# Is Santa Satan with out the N?



## Fuzzy D Fellers (Dec 15, 2014)

Does teaching kids about a fake Santa defer them from beliving in Jesus?


----------



## EverGreen1231 (Dec 15, 2014)

Migmack said:


> Does teaching kids about a fake Santa defer them from beliving in Jesus?



A strong argument could be made in favor of either side. I would be inclined to say yes. But that's just my opinion.


----------



## Fuzzy D Fellers (Dec 15, 2014)

I would think God understands folklore. Including the imagination of traditions.


----------



## doenightmare (Dec 15, 2014)

Migmack said:


> Does teaching kids about a fake Santa defer them from beliving in Jesus?
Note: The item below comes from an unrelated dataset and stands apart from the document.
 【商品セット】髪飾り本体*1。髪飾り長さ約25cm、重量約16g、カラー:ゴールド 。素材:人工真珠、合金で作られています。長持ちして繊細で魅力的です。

Hopefully when they outgrow Santa they will figure out the true meaning of the season. I say Santa is kewl......


----------



## Fuzzy D Fellers (Dec 15, 2014)

Also, I'll throw in a wrench.. Was greekmythology real? Were the gods the sons of gods from pre-flood days when they bread with humans and made giants?


----------



## centerpin fan (Dec 15, 2014)

Migmack said:


> Does teaching kids about a fake Santa defer them from beliving in Jesus?



Santa Claus is based on the very real St. Nicholas.  I assure you he believed in Jesus.


----------



## centerpin fan (Dec 15, 2014)

Migmack said:


> Also, I'll throw in a wrench.. Was greekmythology real?
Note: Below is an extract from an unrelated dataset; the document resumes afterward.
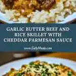 Garlic Butter Beef and Rice Skillet with Cheddar Parmesan Sauce
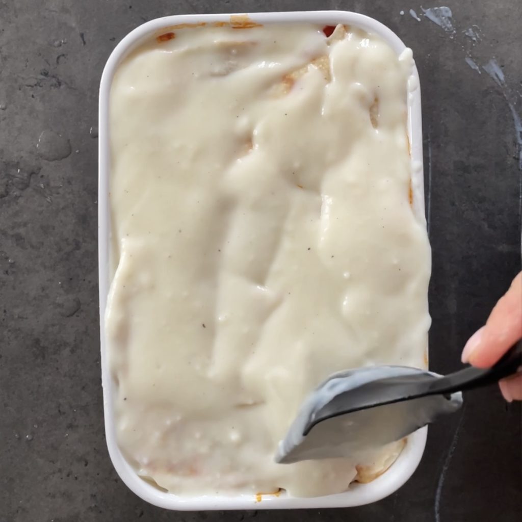 • Ahora continuad de esta forma hasta completar la lasaña. La última capa será de pan carasau siempre humedecido en agua,

By definition, mythology is not real.


----------



## Fuzzy D Fellers (Dec 15, 2014)

centerpin fan said:


> By definition, mythology is not real.



Not to those of their time? Is it possible the stories are true? Men who were half gods?


----------



## Artfuldodger (Dec 15, 2014)

Some Christians feel that by teaching kids the Santa as they know him, that when they find out the Santa they have known isn't real, they may question if God or Jesus is real.
Some Christians don't teach the Santa as we have come to know him because they feel it takes away from the real celebration of the birth of Christ.


----------



## Fuzzy D Fellers (Dec 15, 2014)

Artfuldodger said:


> Some Christians feel that by teaching kids the Santa as they know him, that when they find out the Santa they have known isn't real, they may question if God or Jesus is real.
> Some Christians don't teach the Santa as we have come to know him because they feel it takes away from the real celebration of the birth of Christ.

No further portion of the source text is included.